DNN Model Execution Caching

DNN models, especially popular CNN models, are often run from within GPU memory. This memory is a limited quantity, especially when compared to the number of models being served. The RIPCORD project focuses on improving DNN serving through better GPU memory management, intelligent model selection and request routing. We believe it is necessary to rethink caching and co-design deep learning models for achieving improved performance.

Confidential Deep Learning on End-user Devices

Performing deep learning on end-user devices provides fast offline inference results and can help protect the user’s privacy. However, running models on untrusted client devices reveals model information which may be proprietary, i.e., the operating system or other applications on end-user devices may be manipulated to copy and redistribute this information, infringing on the model provider’s intellectual property. CAPR-DL leverages the use of ARM TrustZone, a hardware-based security feature present in most phones, to confidentially run a proprietary model on an untrusted end-user device.

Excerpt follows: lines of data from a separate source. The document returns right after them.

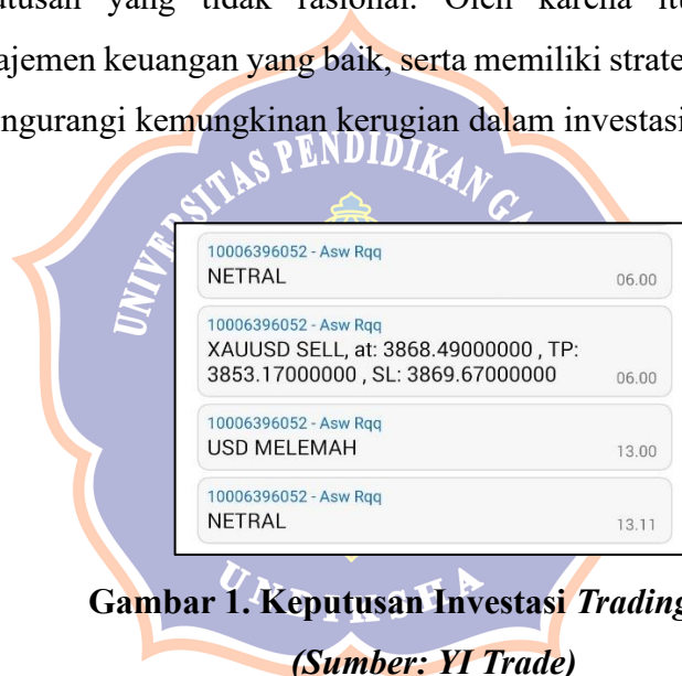
Gambar 1. Keputusan Investasi TradingForex

memperbesar profit tetapi juga meningkatkan risiko kehilangan modal dalam waktu singkat jika tidak dikelola dengan baik. Over trading atau terlalu sering membuka posisi tanpa analisis matang sering kali berujung pada kerugian akibat keputusan impulsif. Slippage dan eksekusi order yang tidak sesuai juga menjadi risiko, terutama saat pasar bergerak cepat. Risiko likuiditas dapat muncul saat pasar sepi, menyebabkan spread melebar dan biaya trading lebih tinggi. Selain faktor pasar dan teknis, kesalahan teknis seperti gangguan platform , koneksi internet terputus, atau kesalahan input order dapat menyebabkan kerugian yang tidak terduga. Psikologi trading juga menjadi tantangan besar, di mana emosi seperti keserakahan dan ketakutan dapat mendorong trader mengambil keputusan yang tidak rasional. Oleh karena itu, memahami risiko, menerapkan manajemen keuangan yang baik, serta memiliki strategi yang disiplin sangat penting untuk mengurangi kemungkinan kerugian dalam investasi trading forex .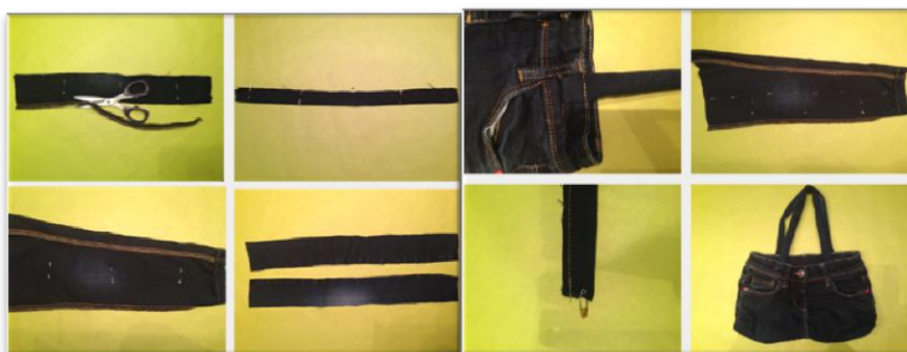
Abbildung 3 Phase 3: Taschenträger nähen und annähen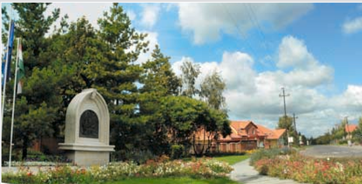
A millenniumi emlékmű előtti tér is megújult 2007-ben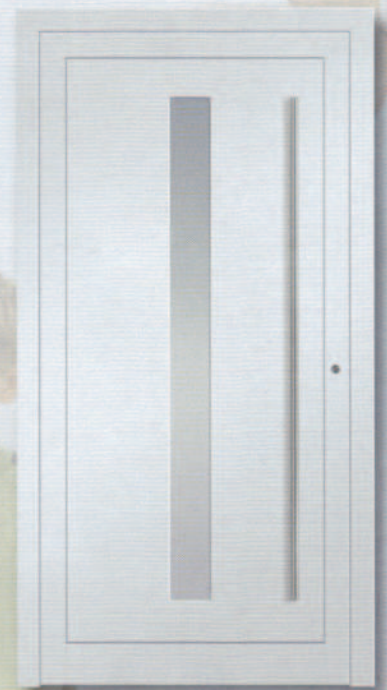
AluKompakt 10 Glas Satinato weiß beidseitig rahmenlos Edelstahlgriffstange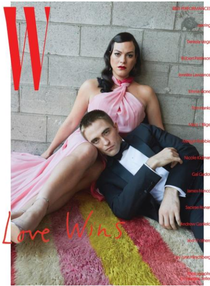
Imagen 1: Daniela Vega junto al actor de Hollywood, Robert Pattinson, para la revista “W”, 4 de enero de 2018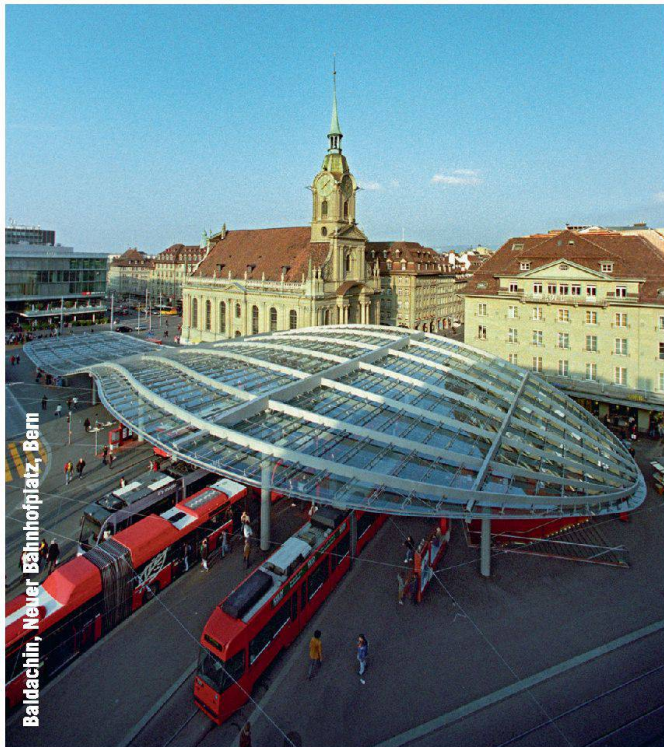
Baldachin, Neuer Bahnhofplatz, Bern

Partner für anspruchsvolle Projekte in Stahl und Glas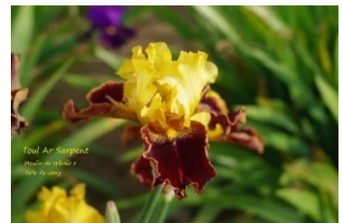
Toul Ar Sarpent (J.C. Jacob 2010) Variegata jaune or et rouge marron, éperons rubis : 6,00 €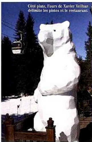
Côté piste, Fours de Xavier Veilhan délimite les pistes et le restaurant.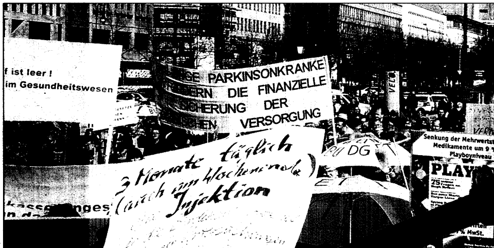
Bei kaltem, aber sonnigem Wetter machten am Mittwochnachmittag Ärzte aus den neuen Bundesländern Demonstrationen.

Die Chancen im Leben sind nicht gleich verteilt, etwa die Chancen von Männern bei Frauen. Einen Beleg dafür, daß Männer, die als Neugeborene ein geringes Geburtsgewicht hatten, dabei Nachteile haben, liefert eine Studie, die morgen das „British Medical Journal“ (322, 2001, 771) veröffentlicht. Ausgewertet wurden die Daten von 3500 Männern, die um 1930 in

Mobile-aware Cloud Resource Management

Modern mobile applications are increasingly relying on cloud data centers to provide both compute and storage capabilities. To guarantee performance for cloud customers, cloud platforms usually provide dynamic provisioning approaches to adjusting resources, in order to meet the demand of fluctuating workload. Modern mobile workload, however, exhibits three key distinct characteristics, i.e., new type of spatial fluctuation, shorter time scale of fluctuation, and more frequent fluctuation, that make current provisioning approaches less effective. The MOBILESCALE project proposes new research on resource management for mobile workload that differs significantly from traditional cloud workload.

Efficient Mobile Deep Inference

An ever-increasing number of mobile applications are leveraging deep learning models to provide novel and useful features, such as real-time language translation and object recognition. However, current mobile inference paradigm requires application developers to statically trade-off between inference accuracy and inference speed during development time. As a result, mobile user experience is negatively impact given dynamic inference scenarios and heterogeneous device capacity. The MODI project proposes new research in designing and implementing a mobile-aware deep inference platform that combines innovations in both algorithm and system optimizations.